Parker is a miracle. Everytime I look at him I am completely amazed at how perfect he is. And yes, he does have his minor flaws (a potential third nipple, and seemingly a slight unibrow). But man that kid is amazing. Every single day he does something new to amuse me and to remind me just how incredible he is. He is my gift from God that I never knew how much I wanted. Everytime I look into those big brown eyes I completely melt and fall in love with him all over again. Even when he is fussing and screaming, I am completely amazed. God gave him this perfect little body, those perfect little lungs, his pefect, strong voice to express his feelings. God gave him those cute little cheeks and those chubby thighs. God gave him his bubbling personality that I get to watch develop every day. And God gave him to me. Of all people, He chose ME to be Parker's mommy. And I couldn't be more excited about that. I only hope and pray that someday my sisters will get to experience the joys and perils that being a mommy brings. (Heather is well on her way!)
Just a couple of pictures this week. I just took these earlier tonight. I often find myself going into Parker's room when he's asleep just to "check on him." More realistically, I'm just staring at him in awe of how beautiful he is and how incredible he is. And...he makes me laugh. His sleeping position is an interesting one that only gives me a smile everytime i see it.
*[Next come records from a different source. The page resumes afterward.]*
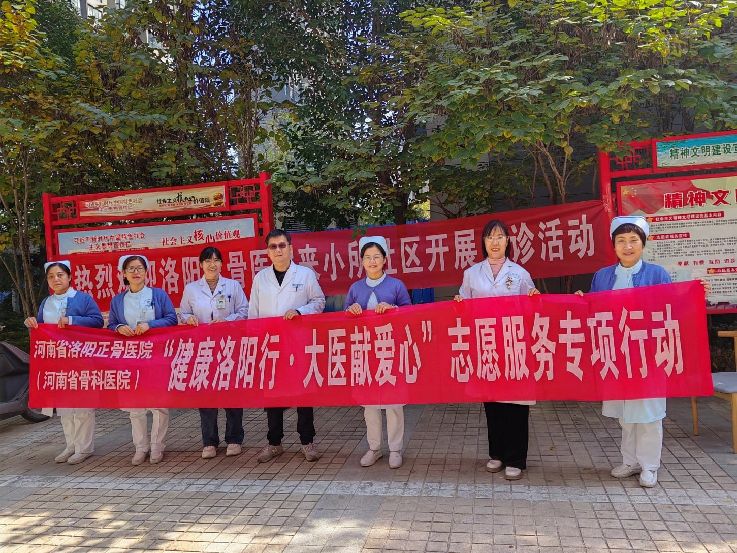 秋高气爽,丹桂飘香,2023年10月31日上午,由我院开元门诊部护士长白淑红牵头,我院颈肩腰腿痛(推拿)诊疗中心廖继东主诊组长、毛晓艳主治医师、罗姣主治医师、主管护师苗金丽、张媛、孙姣姣参与组成的医护团队前往涧西区小所佳苑社区开展了“健康洛阳行?大医献爱心”义诊及科普宣教活动。
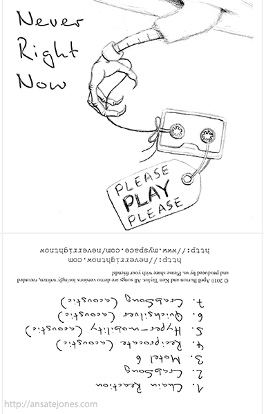 Original CD case art for my band, Never Right Now. We made our own covers for our first CD release and published instructions so that fans who bought digitally could make their own too. Full instructions can be downloaded here (PDF, 428KB). | |
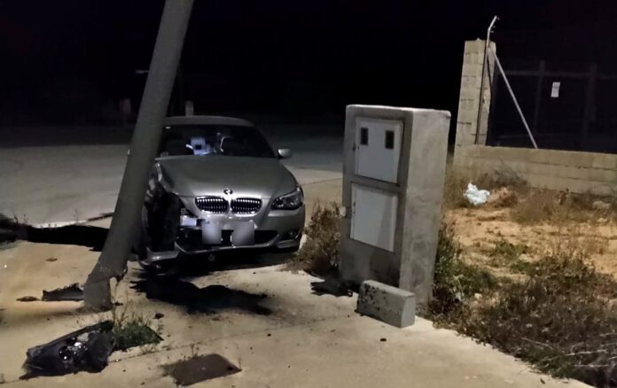 Los hechos tuvieron lugar durante la madrugada del 18 al 19 de abril, después de que la central de comunicaciones recibiera un aviso alertando de la presencia de un vehículo accidentado en la vía pública. A su llegada, los agentes comprobaron que el coche se encontraba parcialmente subido a la acera y presentaba daños compatibles con un impacto contra una farola.
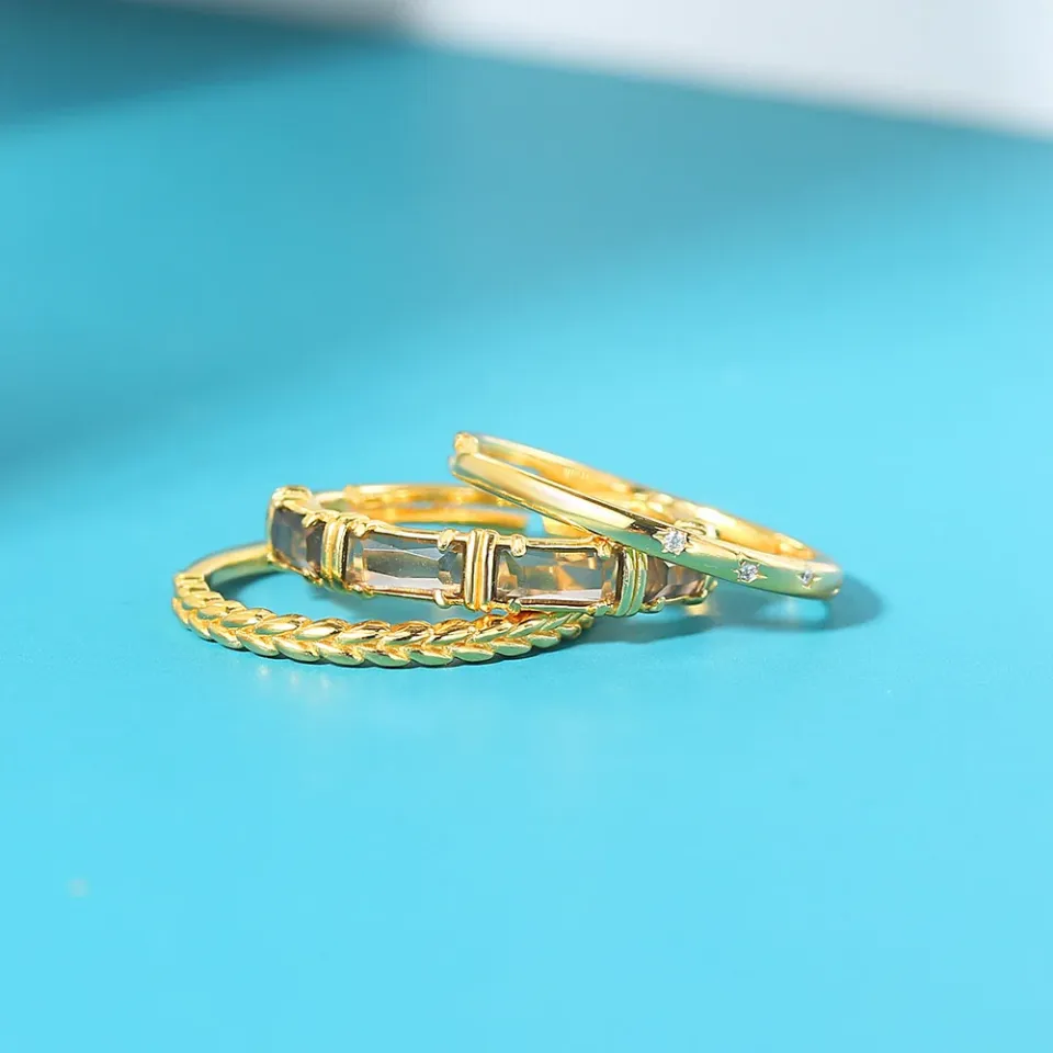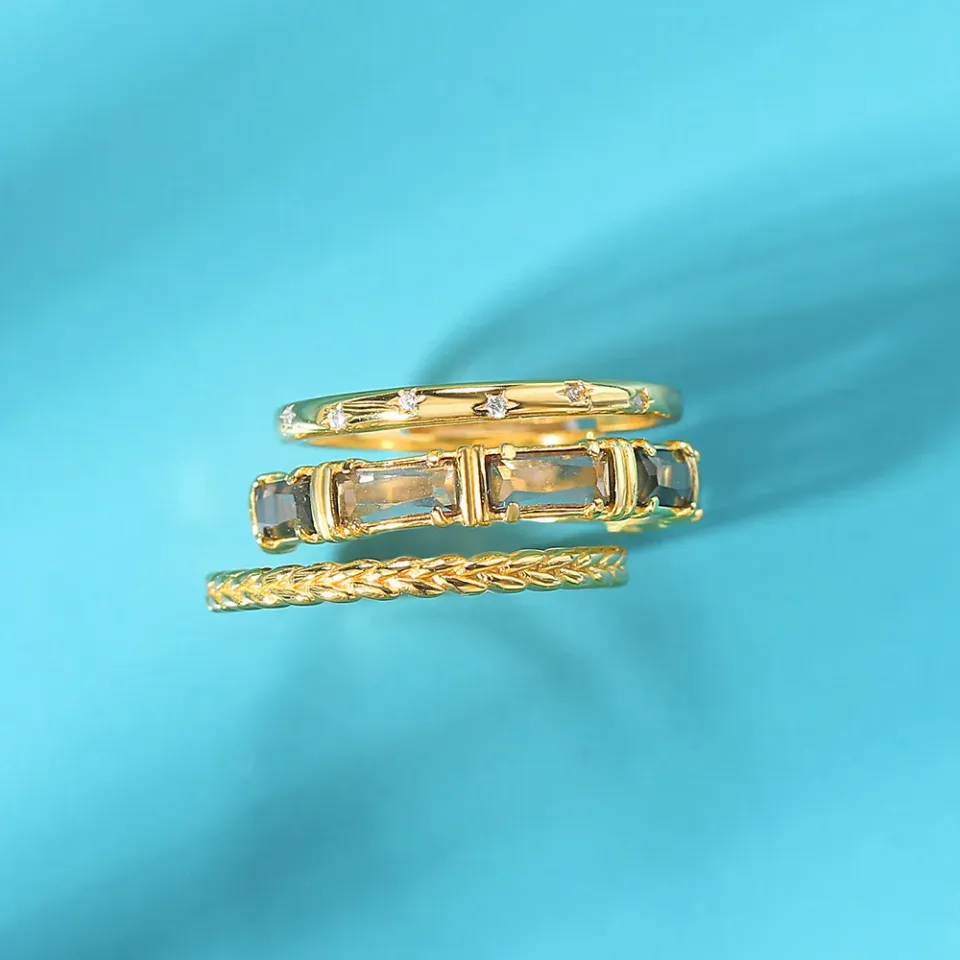 - Ring 3: Boasts a rectangular bridge-shaped Citrine, a centrepiece that shines with the warmth of the sun.
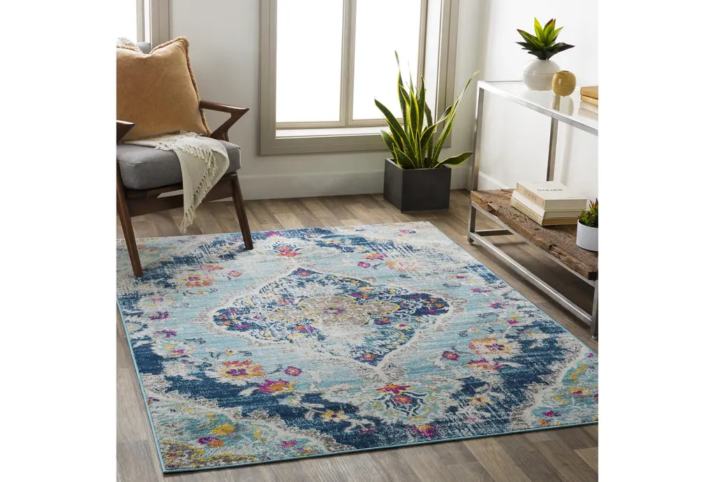 6'6"x6'6" Fiber Rug-Modern Sky Blue Colorful | Low Pile | Botanical | Square By Surya
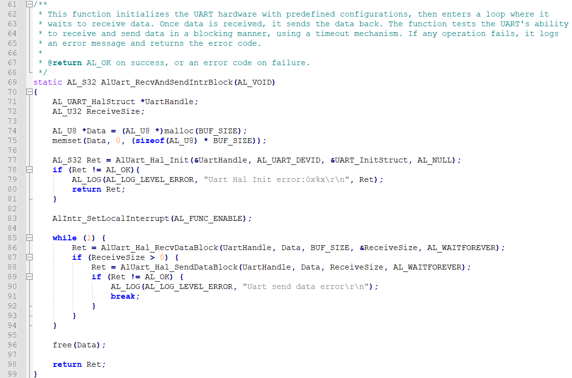 (2)使UART处于阻塞状态,通过调用AlUart_Test_RecvAndSendIntrBlock函数执行测试,并记录结果。若测试失败,则记录错误消息并返回错误代码,否则,记录成功消息并返回AL_OK。

Yep, that's his little butt hiked straight up in the air.
So the cats will be back next time with 5 month pictures of Parker and whatever other witty banter they come up with. Until then, count your blessings and give thanks for all you've been given!
Love,
Sarah
3 comments:
I LOVE YOU!
XOXOXOXOXO
We all have soooooo much to be thankful for and it always feels bad to complain because there are always so many who have it worse off... Like that Carrie Underwood song says... "It's so easy to get lost inside a problem that seems so big at the time.... sometimes that mountain you've been climbing is just a grain of sand..."
It's so easy to forget about those closest to you...
Remember, whenever you feel the urge for that "baby break", we're only about 20 minutes away!!!
Love, Dad and Diane!
hey! i've been looking in on your blog every once in a while since you posted it on your myspace page. i just loved this entry. just last night i sat down and thought the same thing... we have so much to be grateful for if only we look at our healthy babies. it's odd, i came across the same blog you linked through another friend's page and are already familiar with it and so many other stories like it. anyways, just wanted to say hi, and i do love those pictures, i will have to show those to Doug! y'all take care!